» Work item
In the data below, set down exactly the lines from the one containing "ボウルに生クリームと砂糖を入れ泡立て器で角がたつまで泡立てる" up to and including the one containing "下 飛燿さんの総格は30画の2点!". Leave the pictures out.

» Supplied data
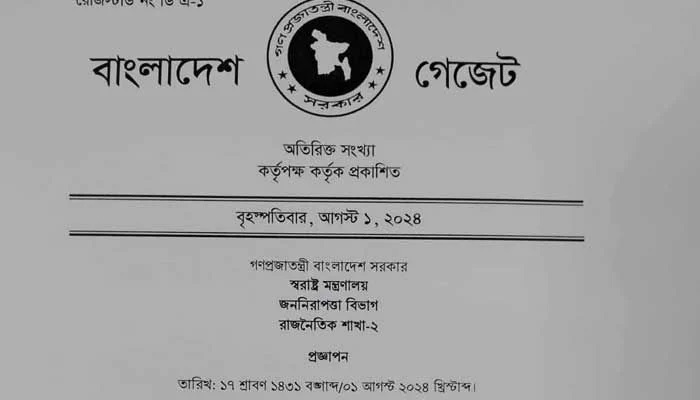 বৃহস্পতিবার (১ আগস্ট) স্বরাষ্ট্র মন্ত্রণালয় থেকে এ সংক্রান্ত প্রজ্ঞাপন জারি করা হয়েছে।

==

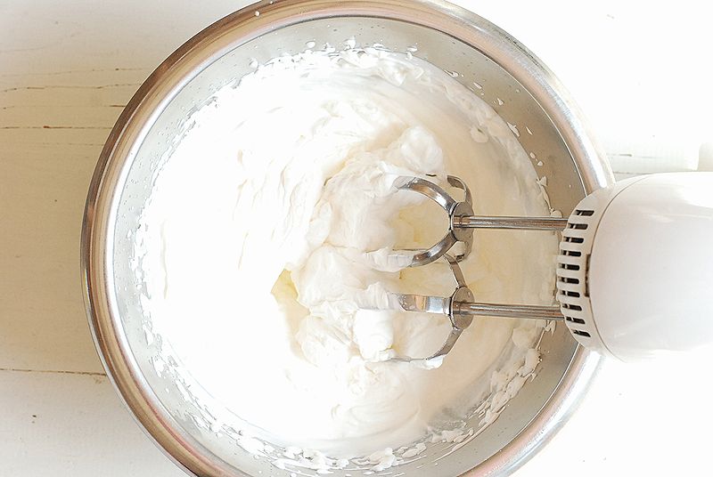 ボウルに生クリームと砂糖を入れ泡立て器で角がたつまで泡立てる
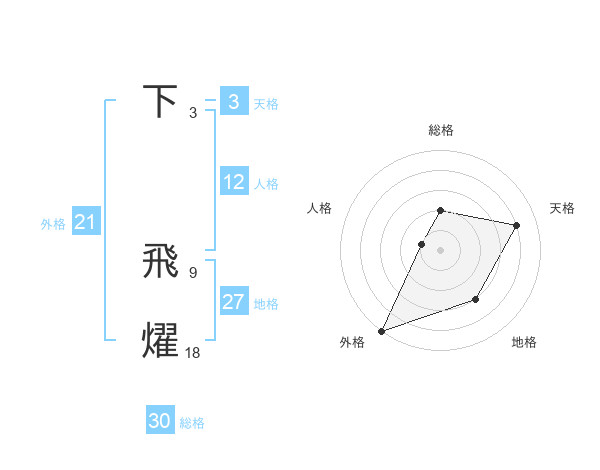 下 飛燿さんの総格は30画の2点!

...

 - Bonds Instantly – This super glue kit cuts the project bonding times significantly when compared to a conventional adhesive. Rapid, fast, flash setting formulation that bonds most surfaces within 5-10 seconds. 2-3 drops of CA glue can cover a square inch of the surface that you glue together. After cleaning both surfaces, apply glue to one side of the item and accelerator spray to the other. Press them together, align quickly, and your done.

» Your solution
 ボウルに生クリームと砂糖を入れ泡立て器で角がたつまで泡立てる
 下 飛燿さんの総格は30画の2点!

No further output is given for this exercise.